[DATASET SECTION]
= = = = =

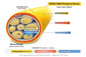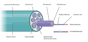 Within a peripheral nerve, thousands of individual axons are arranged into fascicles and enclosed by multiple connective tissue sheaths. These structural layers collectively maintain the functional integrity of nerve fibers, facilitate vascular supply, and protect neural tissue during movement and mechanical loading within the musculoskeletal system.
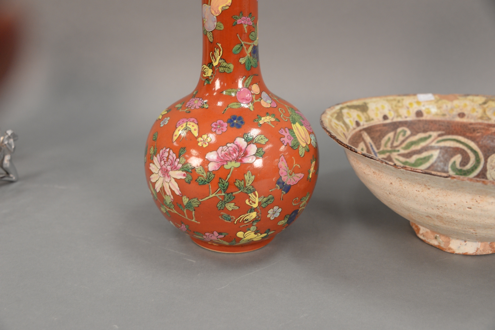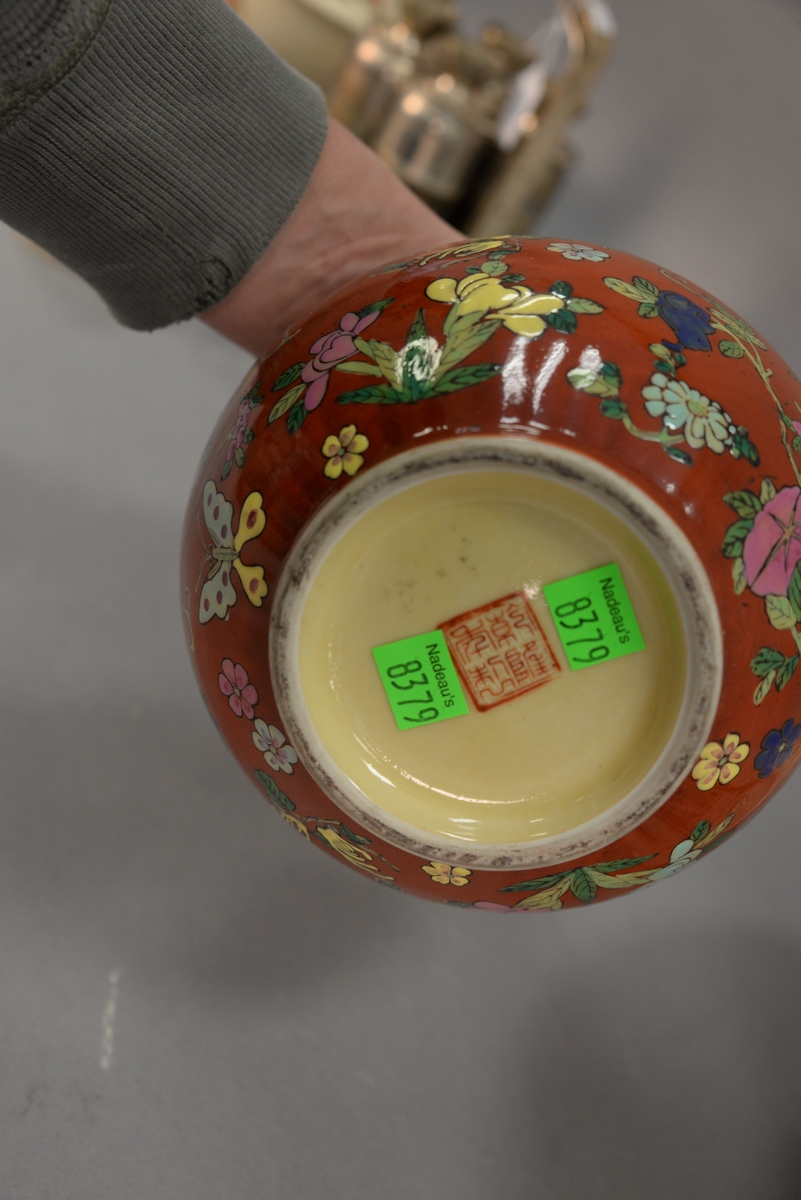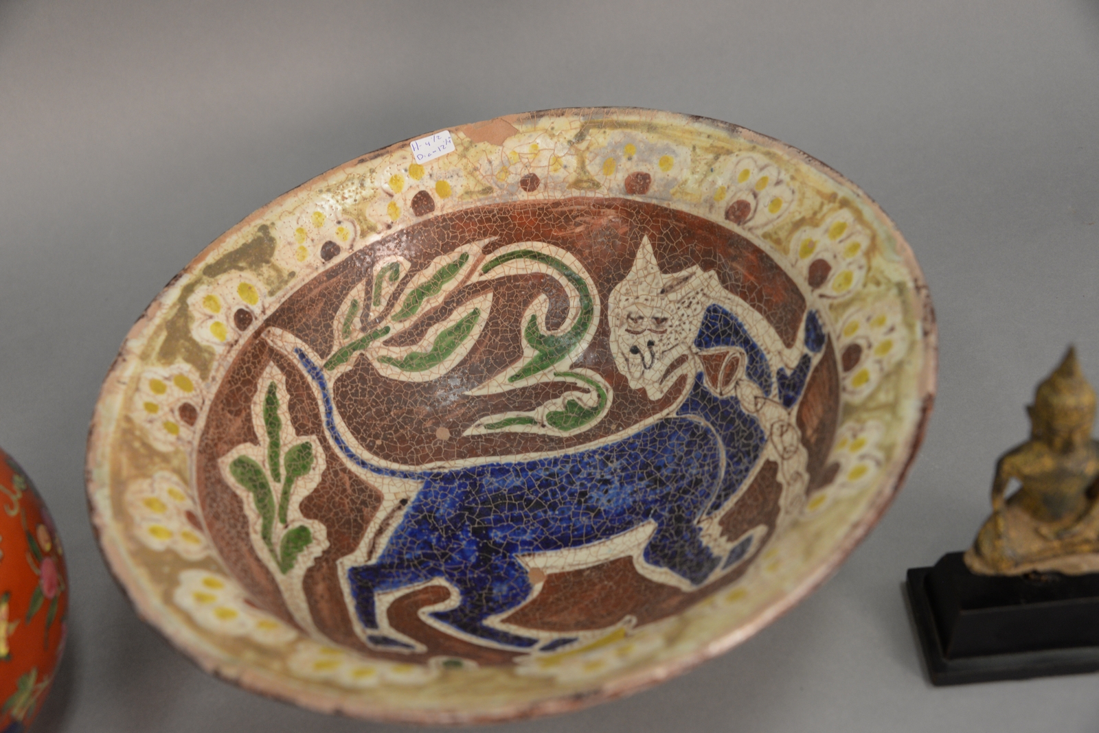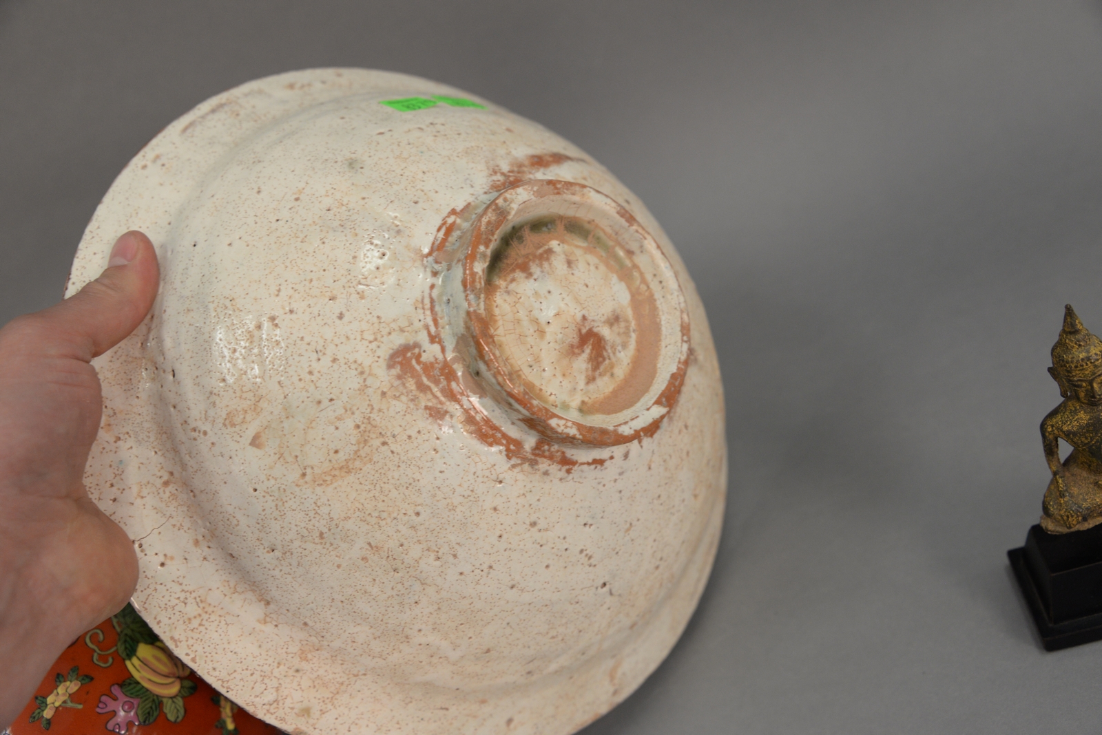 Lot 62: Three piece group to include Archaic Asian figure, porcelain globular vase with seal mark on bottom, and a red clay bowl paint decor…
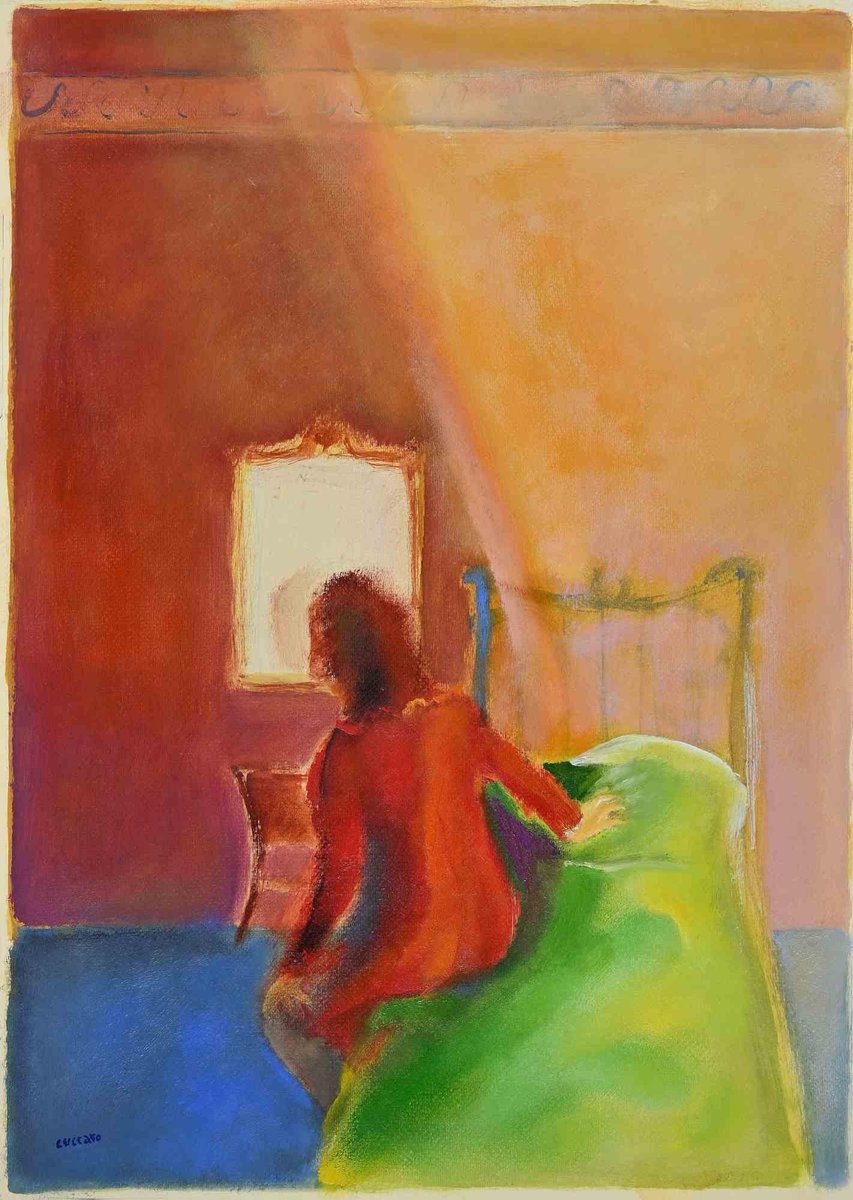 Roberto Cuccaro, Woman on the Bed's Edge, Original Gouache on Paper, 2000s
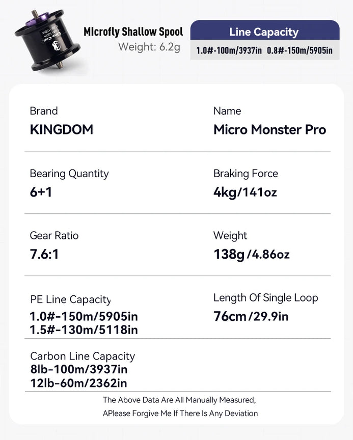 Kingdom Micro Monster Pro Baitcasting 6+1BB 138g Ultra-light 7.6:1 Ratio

= = = = =

[TASK OBJECTIVE] Please copy, exactly and only, the lines of the listing that run from the one holding "Lot 62: Three" through its last line, and exclude pictures.

[EXERCISE SOLUTION]
 Lot 62: Three piece group to include Archaic Asian figure, porcelain globular vase with seal mark on bottom, and a red clay bowl paint decor…
 Roberto Cuccaro, Woman on the Bed's Edge, Original Gouache on Paper, 2000s
 Kingdom Micro Monster Pro Baitcasting 6+1BB 138g Ultra-light 7.6:1 Ratio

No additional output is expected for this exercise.